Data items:
- Opening Delimiter -

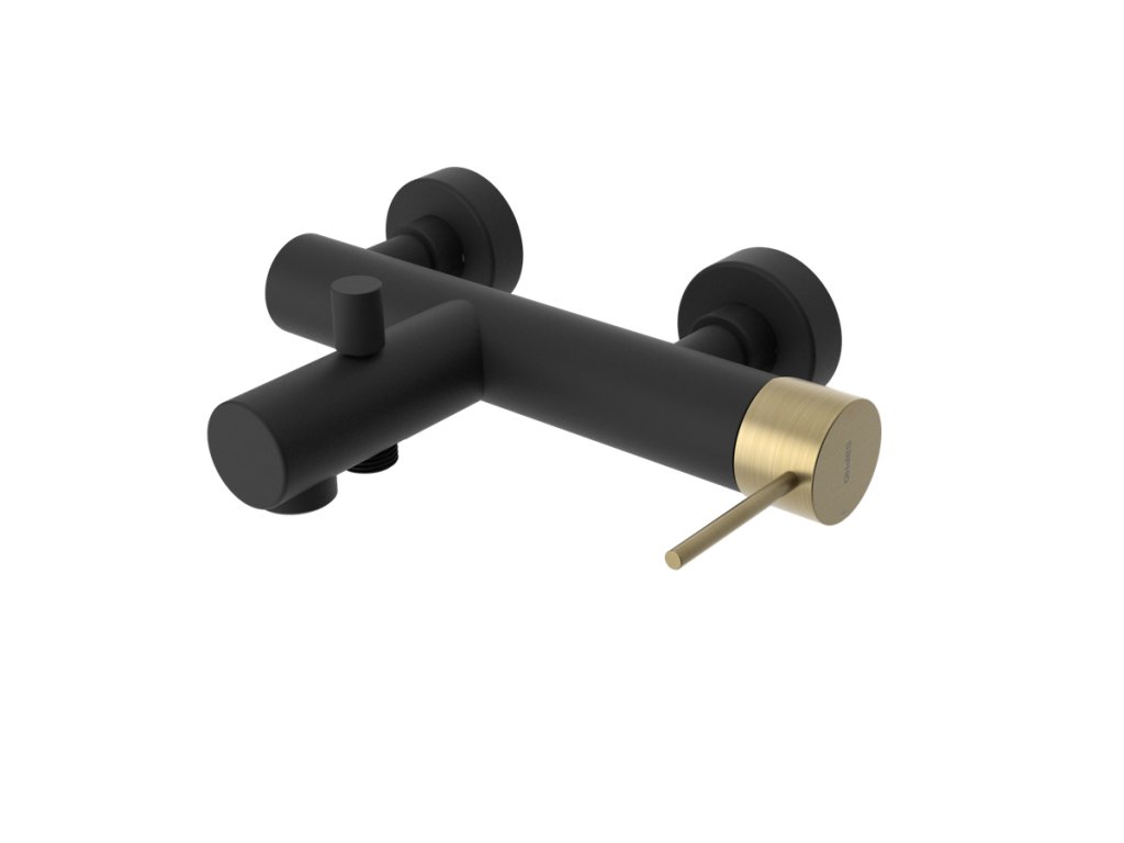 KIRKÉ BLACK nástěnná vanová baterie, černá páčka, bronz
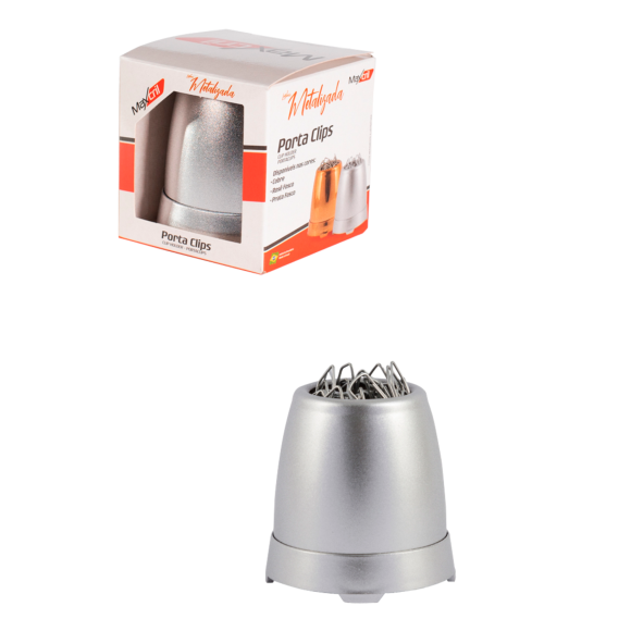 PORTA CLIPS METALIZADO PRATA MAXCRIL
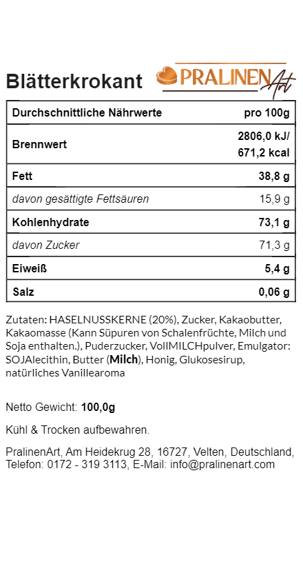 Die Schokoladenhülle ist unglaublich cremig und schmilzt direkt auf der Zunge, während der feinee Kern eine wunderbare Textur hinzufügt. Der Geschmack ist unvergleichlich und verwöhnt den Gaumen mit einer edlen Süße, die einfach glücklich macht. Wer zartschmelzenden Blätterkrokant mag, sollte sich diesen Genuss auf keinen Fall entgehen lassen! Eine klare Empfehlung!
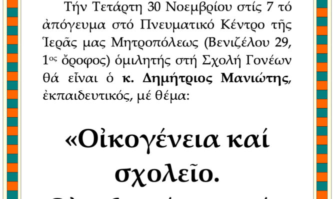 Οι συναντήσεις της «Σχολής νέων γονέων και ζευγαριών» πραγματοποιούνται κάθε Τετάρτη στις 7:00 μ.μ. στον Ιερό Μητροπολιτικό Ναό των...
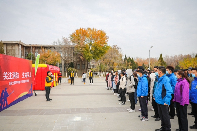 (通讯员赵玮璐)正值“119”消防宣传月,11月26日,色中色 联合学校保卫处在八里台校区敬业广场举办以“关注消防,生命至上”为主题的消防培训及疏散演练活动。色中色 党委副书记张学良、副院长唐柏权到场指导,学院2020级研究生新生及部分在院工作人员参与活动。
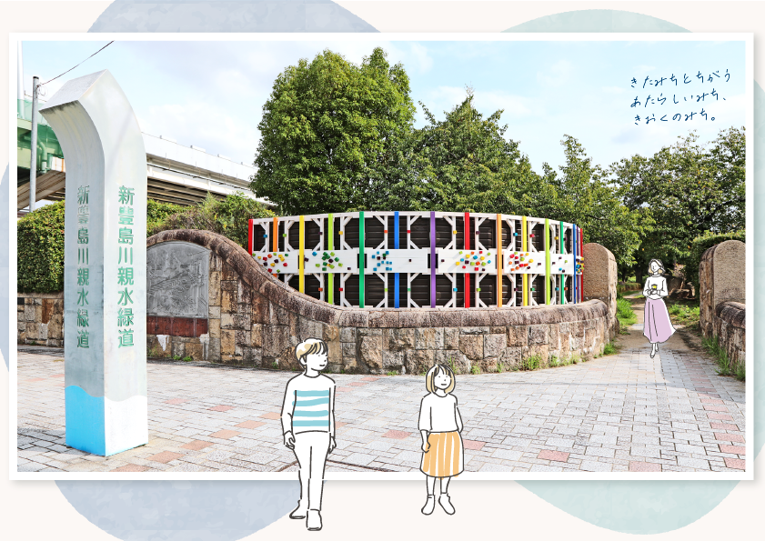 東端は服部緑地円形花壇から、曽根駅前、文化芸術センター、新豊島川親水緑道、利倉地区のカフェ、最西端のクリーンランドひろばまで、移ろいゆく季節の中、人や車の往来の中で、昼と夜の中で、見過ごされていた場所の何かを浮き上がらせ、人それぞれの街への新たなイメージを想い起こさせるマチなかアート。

- Closing Delimiter -
- Opening Delimiter -

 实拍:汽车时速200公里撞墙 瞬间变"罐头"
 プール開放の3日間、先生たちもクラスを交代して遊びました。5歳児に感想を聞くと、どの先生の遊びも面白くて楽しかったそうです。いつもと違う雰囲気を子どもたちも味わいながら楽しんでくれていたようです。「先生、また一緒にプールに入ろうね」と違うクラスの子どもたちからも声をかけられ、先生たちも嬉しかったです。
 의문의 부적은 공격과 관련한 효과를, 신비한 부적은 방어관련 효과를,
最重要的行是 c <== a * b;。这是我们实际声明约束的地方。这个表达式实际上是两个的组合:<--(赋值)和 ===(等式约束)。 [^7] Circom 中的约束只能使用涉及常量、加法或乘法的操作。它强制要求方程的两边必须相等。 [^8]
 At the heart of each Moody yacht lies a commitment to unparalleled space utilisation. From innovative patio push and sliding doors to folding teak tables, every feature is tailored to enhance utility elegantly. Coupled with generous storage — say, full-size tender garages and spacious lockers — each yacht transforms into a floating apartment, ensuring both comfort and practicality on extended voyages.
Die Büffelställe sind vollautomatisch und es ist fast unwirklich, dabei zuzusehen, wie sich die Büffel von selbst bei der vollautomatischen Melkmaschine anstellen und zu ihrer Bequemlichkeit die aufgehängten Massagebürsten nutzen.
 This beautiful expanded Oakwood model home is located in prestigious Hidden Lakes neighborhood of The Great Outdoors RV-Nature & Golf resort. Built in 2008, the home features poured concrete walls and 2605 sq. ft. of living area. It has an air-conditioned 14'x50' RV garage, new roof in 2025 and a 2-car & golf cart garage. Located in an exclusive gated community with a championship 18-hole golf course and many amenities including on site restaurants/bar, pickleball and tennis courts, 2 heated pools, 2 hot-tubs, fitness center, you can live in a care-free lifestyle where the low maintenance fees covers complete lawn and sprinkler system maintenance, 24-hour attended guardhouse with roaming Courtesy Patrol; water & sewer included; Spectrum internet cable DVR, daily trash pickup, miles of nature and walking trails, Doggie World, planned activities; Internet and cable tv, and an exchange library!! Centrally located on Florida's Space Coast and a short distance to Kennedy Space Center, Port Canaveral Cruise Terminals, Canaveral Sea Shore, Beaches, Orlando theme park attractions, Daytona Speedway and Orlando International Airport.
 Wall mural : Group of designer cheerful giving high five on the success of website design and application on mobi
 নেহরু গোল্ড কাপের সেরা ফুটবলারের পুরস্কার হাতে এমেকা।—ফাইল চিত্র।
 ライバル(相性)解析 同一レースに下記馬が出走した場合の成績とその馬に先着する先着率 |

- Closing Delimiter -

■ **Exercise prompt**
All lines above from the line with "最重要的行是 c <== a" through the line with "ライバル(相性)解析 同一レースに下記馬が出走した場合の成績とその馬に先着する先着率 |", both included, are to be set down exactly, with nothing else.

■ **Exercise answer**
最重要的行是 c <== a * b;。这是我们实际声明约束的地方。这个表达式实际上是两个的组合:<--(赋值)和 ===(等式约束)。 [^7] Circom 中的约束只能使用涉及常量、加法或乘法的操作。它强制要求方程的两边必须相等。 [^8]
 At the heart of each Moody yacht lies a commitment to unparalleled space utilisation. From innovative patio push and sliding doors to folding teak tables, every feature is tailored to enhance utility elegantly. Coupled with generous storage — say, full-size tender garages and spacious lockers — each yacht transforms into a floating apartment, ensuring both comfort and practicality on extended voyages.
Die Büffelställe sind vollautomatisch und es ist fast unwirklich, dabei zuzusehen, wie sich die Büffel von selbst bei der vollautomatischen Melkmaschine anstellen und zu ihrer Bequemlichkeit die aufgehängten Massagebürsten nutzen.
 This beautiful expanded Oakwood model home is located in prestigious Hidden Lakes neighborhood of The Great Outdoors RV-Nature & Golf resort. Built in 2008, the home features poured concrete walls and 2605 sq. ft. of living area. It has an air-conditioned 14'x50' RV garage, new roof in 2025 and a 2-car & golf cart garage. Located in an exclusive gated community with a championship 18-hole golf course and many amenities including on site restaurants/bar, pickleball and tennis courts, 2 heated pools, 2 hot-tubs, fitness center, you can live in a care-free lifestyle where the low maintenance fees covers complete lawn and sprinkler system maintenance, 24-hour attended guardhouse with roaming Courtesy Patrol; water & sewer included; Spectrum internet cable DVR, daily trash pickup, miles of nature and walking trails, Doggie World, planned activities; Internet and cable tv, and an exchange library!! Centrally located on Florida's Space Coast and a short distance to Kennedy Space Center, Port Canaveral Cruise Terminals, Canaveral Sea Shore, Beaches, Orlando theme park attractions, Daytona Speedway and Orlando International Airport.
 Wall mural : Group of designer cheerful giving high five on the success of website design and application on mobi
 নেহরু গোল্ড কাপের সেরা ফুটবলারের পুরস্কার হাতে এমেকা।—ফাইল চিত্র।
 ライバル(相性)解析 同一レースに下記馬が出走した場合の成績とその馬に先着する先着率 |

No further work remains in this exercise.